RadioShack confirmed that it stopped selling DirecTV services and equipment at its stores effective Dec. 31.

RadioShack spokesman Charles Hodges said the retailer has entered into an exclusive contract with EchoStar for sale of DISH Network. He wouldn't offer specifics, but said the EchoStar deal is a multi-year agreement.

In 2002, RadioShack agreed to carry DISH Network along with DirecTV. In the past, it also sold PrimeStar.

In response, DirecTV said, "RadioShack was not a significant part of our business for most of 2003 and not being sold in RadioShack will not impact our performance this year."

The company added, "RadioShack was a good retail partner for us, but the business was not working the way we would have liked and we weren't able to find a solution. For example, we continued to have issues with RadioShack's inability to sell DirecTV in rural/NRTC areas.

"DirecTV has aggressively expanded its sales distribution channels over the years and we have seen a significant improvement in the sales performance of our other consumer electronic store chains," DirecTV said.

http://www.skyreport.com (Used with permission)


----------



## dbdsac (Nov 17, 2003)

I went into my local (Sacramento, CA) Radio Shack during the holidays. While inside, just out of curiosity, I asked the Customer Service Rep if the store had any plans to carry the 921 in the near future. He told me they no longer "sold" Dish equipment, but they merely "signed-up customers" for Dish service.


----------



## Bogy (Mar 23, 2002)

I was in a RS about a month ago. Another customer wanted to get DirecTV to use in his RV. I answered more of his questions than the salesman did, and I haven't had DTV in over 2 years. They didn't have the equipment in stock. The salesman blew a sale because he didn't have what the customer needed and didn't know how it worked. Of course finding a salesperson who knows what they are talking about is a problem in many outlets.


----------



## pez2002 (Dec 13, 2002)

Bogy said:


> I was in a RS about a month ago. Another customer wanted to get DirecTV to use in his RV. I answered more of his questions than the salesman did, and I haven't had DTV in over 2 years. They didn't have the equipment in stock. The salesman blew a sale because he didn't have what the customer needed and didn't know how it worked. Of course finding a salesperson who knows what they are talking about is a problem in many outlets.

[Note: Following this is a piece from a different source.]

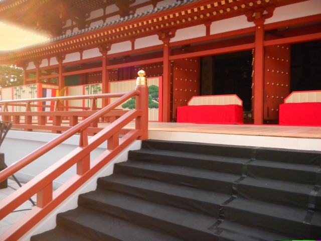 連子窓(れんじまど) 越しに 東塔・西塔・金堂 薬師寺 舞台 平城遷都1300年祭り 中村勘三郎さんの 船弁慶 薬師寺の仏さんに奉納 勘三郎さんの平知盛の幽霊は 身振りが おもしろうて!! |

I did that In circuit City Last october And i almost put the salesman Out of a Job :eek2:

I loved it in radioshack Last march when the Retard in radio shack said your cable modem wont work with Directv :lol:


----------



## JohnL (Apr 1, 2002)

pez2002 said:


> I did that In circuit City Last october And i almost put the salesman Out of a Job :eek2:
> 
> I loved it in radioshack Last march when the Retard in radio shack said your cable modem wont work with Directv :lol:


Radio Shack
Got Questions, we don't have a clue.

Maybe Rat Shack should get Jessica Simpson as their Model employee for TV. I think the analogy would work perfectly. "DBS from Dish Network, is it DBS or Dish, what is DBS,... hee heehee. By the way how do you turn on a light"

John


----------



## Dishman2 (Jan 7, 2004)

I walked into our local RS and walked past a customer talking with a salesman, asking if they could get their local stations. The salesman replied, 'yep'. I stopped, turned to the customer and said, 'Look, don't let anyone **** you. Our locals are not up on satellite. You have to qualify for networks based on your address and zipcode. In this town, you usually don't qualify for at least 2 of them. If you get them, it will be a regional out of New York or some other place.' The customer said thank you and walked out the door. The salesman just looked at me and I told him, 'hey, if you can't be honest with the customer, then get out of the business.'


----------



## George_T (Sep 19, 2002)

In all fairness to RS, some of the Radio Shack local store owners run the stores on an independent basis. I have a relative who owns a RS store in this manner, and he hasn't sold D* stuff in over a year and a half. Personally, however, I think Radio Shack has made a big mistake by not coming into agreement w/D* and keeping the product in their stores.


----------



## clapple (Feb 11, 2003)

dbdsac said:


> I went into my local (Sacramento, CA) Radio Shack during the holidays. While inside, just out of curiosity, I asked the Customer Service Rep if the store had any plans to carry the 921 in the near future. He told me they no longer "sold" Dish equipment, but they merely "signed-up customers" for Dish service.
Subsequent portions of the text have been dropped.